Case Condition What to do
n is valid n < len(s) Rebuild string with s[n] uppercased
n is out of bounds n >= len(s) Return s unchanged

Strings are immutable

You cannot do s[n] = s[n].upper() - Python strings do not support item assignment. The only way to "change" a character is to reconstruct the string using slicing:

s[:n]   +   s[n].upper()   +   s[n+1:]
before      target char        after

Tracing the examples

Example 1: s = "hello", n = 1

s[:1]        →  "h"
s[1].upper() →  "E"
s[2:]        →  "llo"
Result       →  "hEllo" 

Example 2: s = "python", n = 3

s[:3]        →  "pyt"
s[3].upper() →  "H"
s[4:]        →  "on"
Result       →  "pytHon" 

Example 3: s = "python", n = 9

len("python") = 6
9 >= 6  →  out of bounds
Return "python" unchanged 

Solution approaches

def upper_nth_index_char(s: str, n: int) -> str:
    if n >= len(s):
        return s                          # out of bounds → unchanged
    before = s[:n]                        # everything before index n
    capitalised = s[n].upper()            # the target character
    after = s[n + 1:]                     # everything after index n
    return before + capitalised + after
def upper_nth_index_char(s: str, n: int) -> str:
    if n >= len(s):
        return s
    return s[:n] + s[n].upper() + s[n+1:]

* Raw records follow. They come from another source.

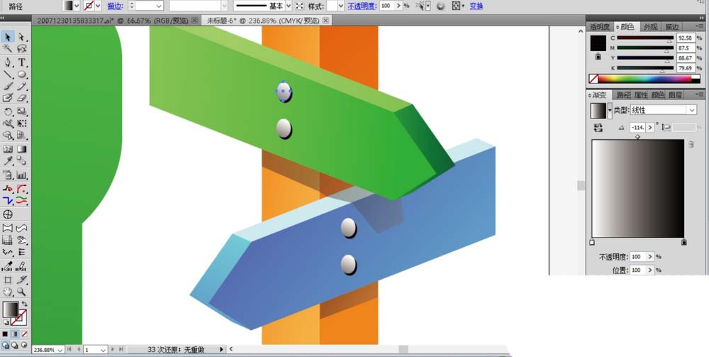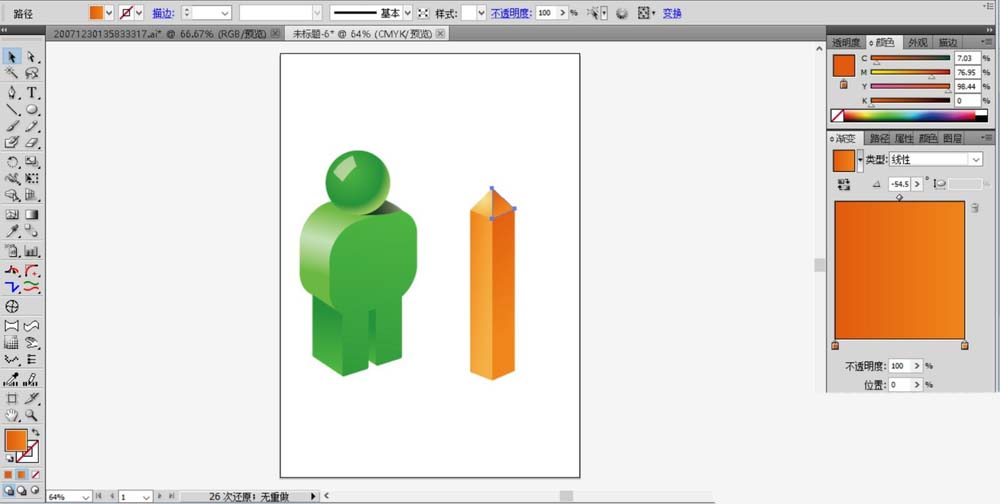 5、用橙色的渐变填充支架,各个侧面填充出明暗的变化。让暗光区域在右侧。
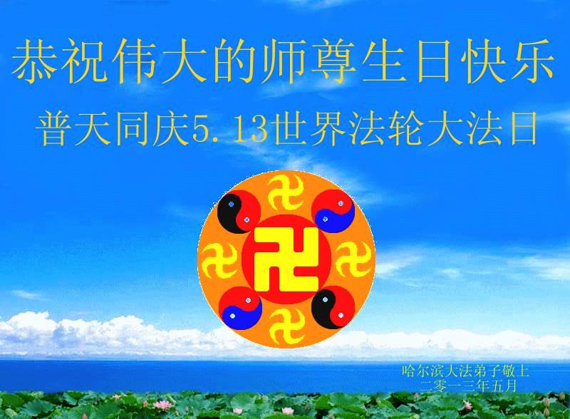 黑龍江哈爾濱雙城市大法弟子恭祝慈悲偉大的師尊生日快樂!恭賀5•13世界法輪大法日!
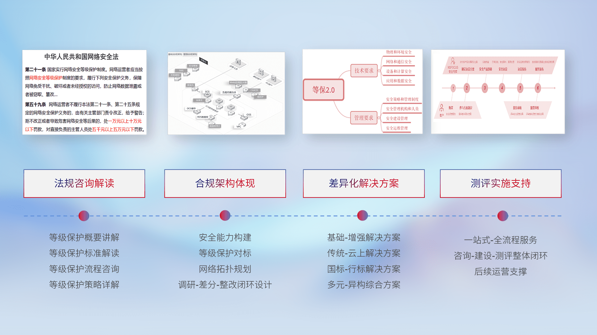 通过专业的法律咨询解读、、、合规架构体现、、、差异化解决方案、、测试实施支持等服务,,,,为客户量身打造等保合规体系。。。
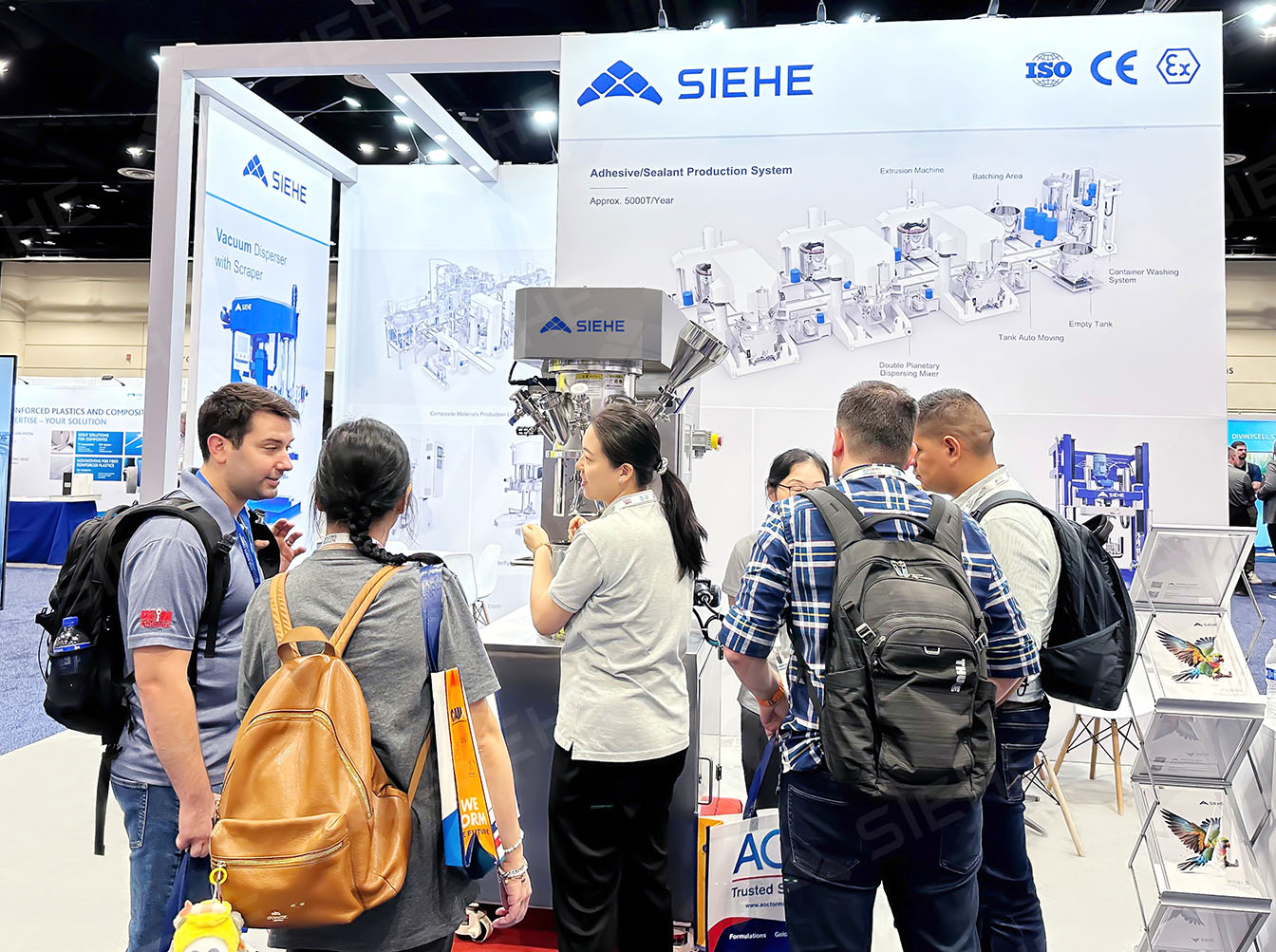 世赫集团在展会上重点展示了复合材料生产线、全自动胶粘剂成套生产线、密封胶成套生产系统、硅胶成套生产线、双行星分散搅拌机及真空刮壁分散机等核心产品,覆盖复合材料生产的全流程,精准响应复材行业在自动化、智能化与高效化方面的迫切需求。其复合材料生产线集成化与自动化水平突出,模块化设计有效提升了生产效率与产品一致性;全自动胶粘剂成套生产线专为高粘度物料研发,实现生产环节全自动化,显著提高生产效能与成品稳定性。此外,世赫的明星产品——双行星分散搅拌机系列设备,桨叶精密铸造、动力强劲,符合欧美标准(CE/ATEX/UL),最高处理粘度可达10,000Pa.s。这一系列创新产品不仅体现了世赫深厚的技术积累与研发实力,也为全球复合材料产业的高端制造与可持续发展注入了新动力。
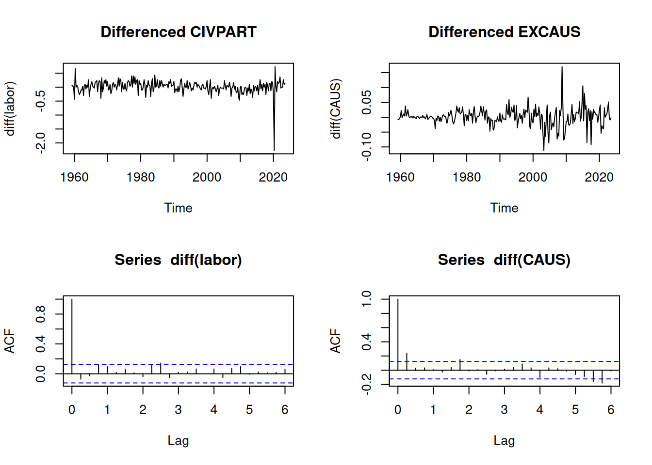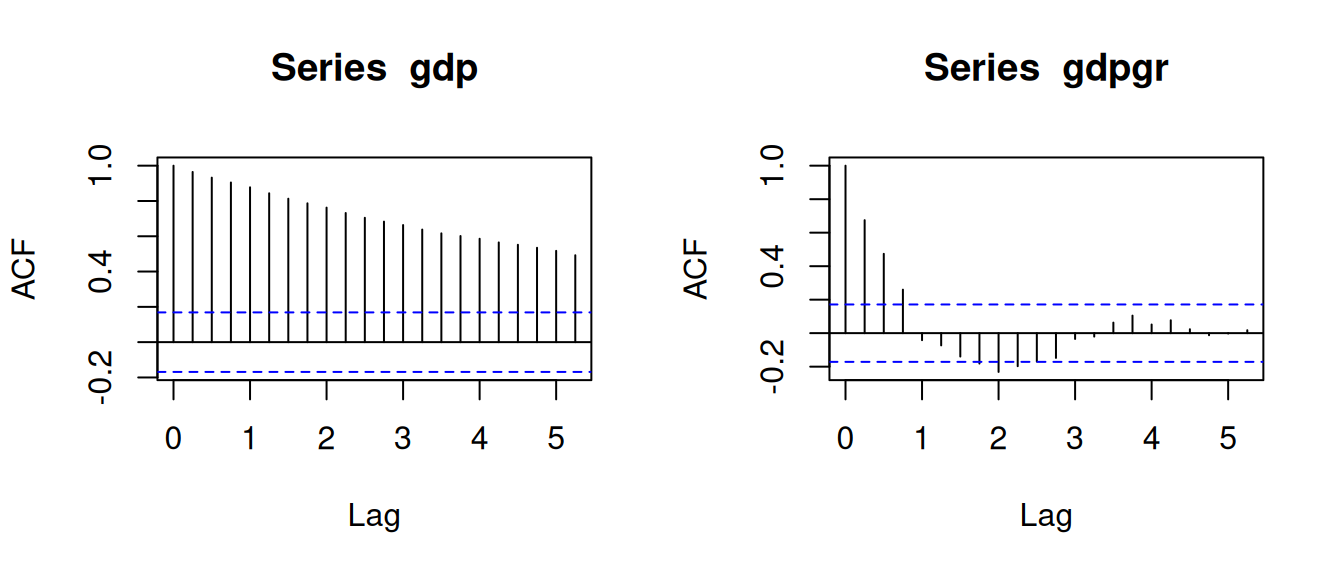 This matches our earlier graphical evidence: GDP in levels appears nonstationary, while GDP growth behaves like a stationary series.
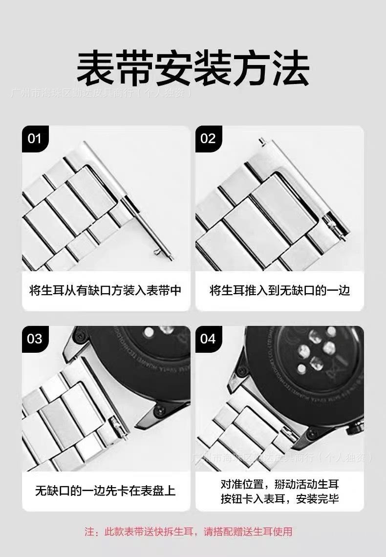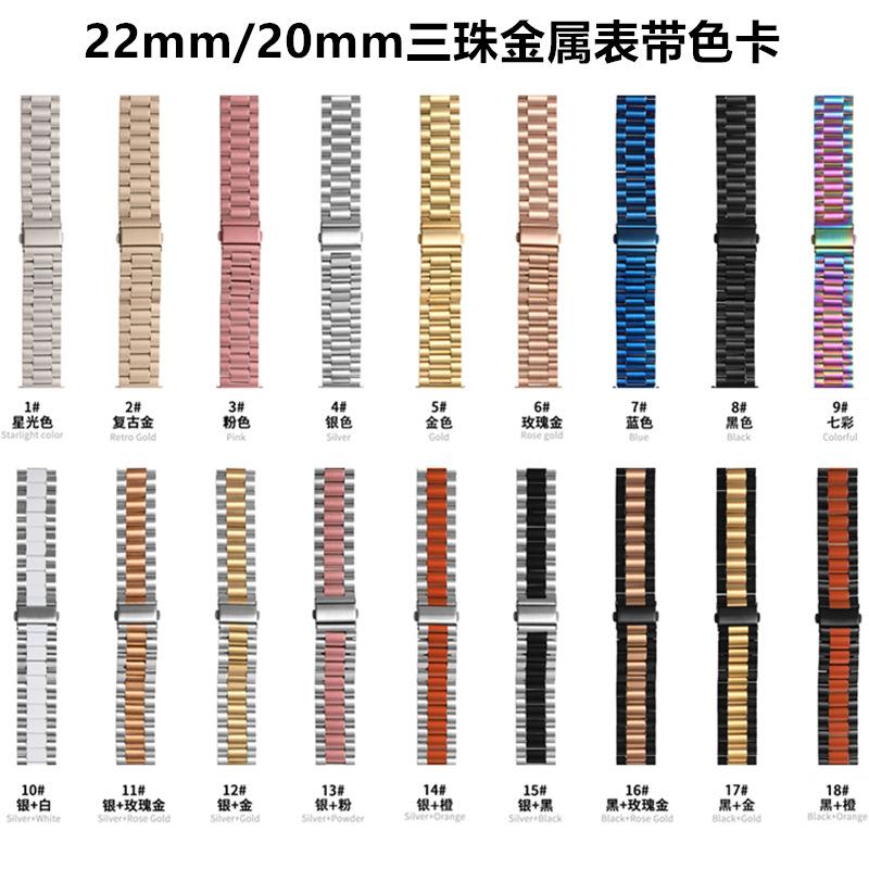 Compra Correa de reloj de metal de 22/20 mm adecuada para Huawei Gt5/4 para hombre Samsung Watch3 Correa de reloj de acero inoxidable de tres eslabones al por mayor en Joom.pro
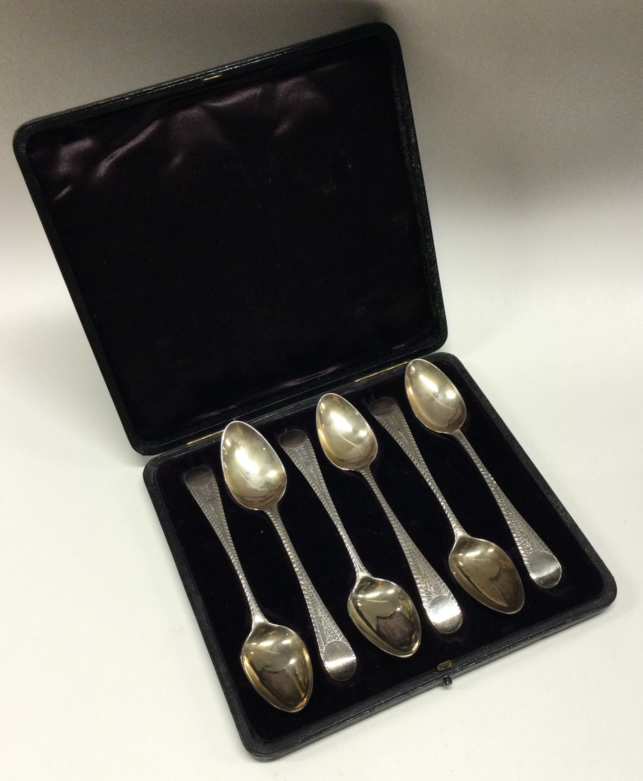 A George III set of six silver feather edged spoons. London 1918. By Thomas Newby. Approx. 120 grams. Est. £80 - £120.

Collapse the three parts into a single expression. This is the preferred form - clean and still easy to read.

def upper_nth_index_char(s: str, n: int) -> str:
    if n >= len(s):
        return s
    chars = list(s)          # convert to a mutable list of characters
    chars[n] = chars[n].upper()
    return "".join(chars)

Convert the string to a list (which is mutable), update index n, then rejoin. More steps than slicing, but makes the mutation logic explicit - useful when you need to change multiple characters.

def upper_nth_index_char(s: str, n: int) -> str:
    if n >= len(s):
        return s
    return "".join(
        c.upper() if i == n else c
        for i, c in enumerate(s)
    )

Walk through every character with its index; uppercase only when i == n. Compact but slightly over-engineered for this problem - good to know for cases where multiple positions need changing.


Common mistakes

Off-by-one

The index n is 0-based. n=1 means the second character (s[1]), not the first. Confirm this with the example: upper_nth_index_char("hello", 1)'hEllo' - 'h' is untouched, 'E' is at index 1.

Wrong boundary check

Use n >= len(s), not n > len(s). If s = "hi" (length 2) and n = 2, index 2 doesn't exist - so n >= len(s) correctly catches it.


Key takeaways

01

String immutability

You can't change a character in place. Always reconstruct: s[:n] + new_char + s[n+1:]. This pattern appears in many string problems.

02

Bounds check first

Always handle the out-of-bounds case before accessing s[n]. Use n >= len(s) as the guard.

03

str.upper() vs str.capitalize()

"hello".upper()"HELLO" (all chars). s[n].upper() uppercases just one character. str.capitalize() uppercases only the first character of the whole string - not useful here.